ASSIGNMENT ▸ Each line below that holds the string "natural" counts once; report the total and nothing else.

INFORMATION GIVEN ▸
^^^^

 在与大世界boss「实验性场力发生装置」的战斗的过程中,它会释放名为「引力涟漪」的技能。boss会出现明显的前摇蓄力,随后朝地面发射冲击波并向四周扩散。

^^^^

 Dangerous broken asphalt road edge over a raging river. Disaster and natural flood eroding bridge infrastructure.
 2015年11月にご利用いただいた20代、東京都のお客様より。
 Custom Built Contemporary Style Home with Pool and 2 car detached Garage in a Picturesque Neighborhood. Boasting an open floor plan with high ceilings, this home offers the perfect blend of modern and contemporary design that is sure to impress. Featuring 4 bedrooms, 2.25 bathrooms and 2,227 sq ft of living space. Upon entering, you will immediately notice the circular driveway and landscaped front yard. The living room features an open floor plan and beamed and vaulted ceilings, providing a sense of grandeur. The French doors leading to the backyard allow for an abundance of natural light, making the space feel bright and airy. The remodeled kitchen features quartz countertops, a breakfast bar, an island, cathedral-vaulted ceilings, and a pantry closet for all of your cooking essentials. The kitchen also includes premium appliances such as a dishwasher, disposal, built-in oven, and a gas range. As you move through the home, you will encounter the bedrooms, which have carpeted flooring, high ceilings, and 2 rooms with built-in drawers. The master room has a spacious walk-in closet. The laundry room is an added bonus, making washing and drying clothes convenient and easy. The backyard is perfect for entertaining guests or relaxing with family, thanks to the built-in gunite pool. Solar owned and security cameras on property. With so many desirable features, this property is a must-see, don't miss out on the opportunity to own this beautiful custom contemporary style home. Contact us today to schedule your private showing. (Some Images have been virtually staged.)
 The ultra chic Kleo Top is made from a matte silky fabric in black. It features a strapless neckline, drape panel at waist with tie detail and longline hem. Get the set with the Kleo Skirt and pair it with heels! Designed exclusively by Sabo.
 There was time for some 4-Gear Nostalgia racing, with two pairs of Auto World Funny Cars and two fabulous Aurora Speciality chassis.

^^^^

ANSWER SPACE ▸ 2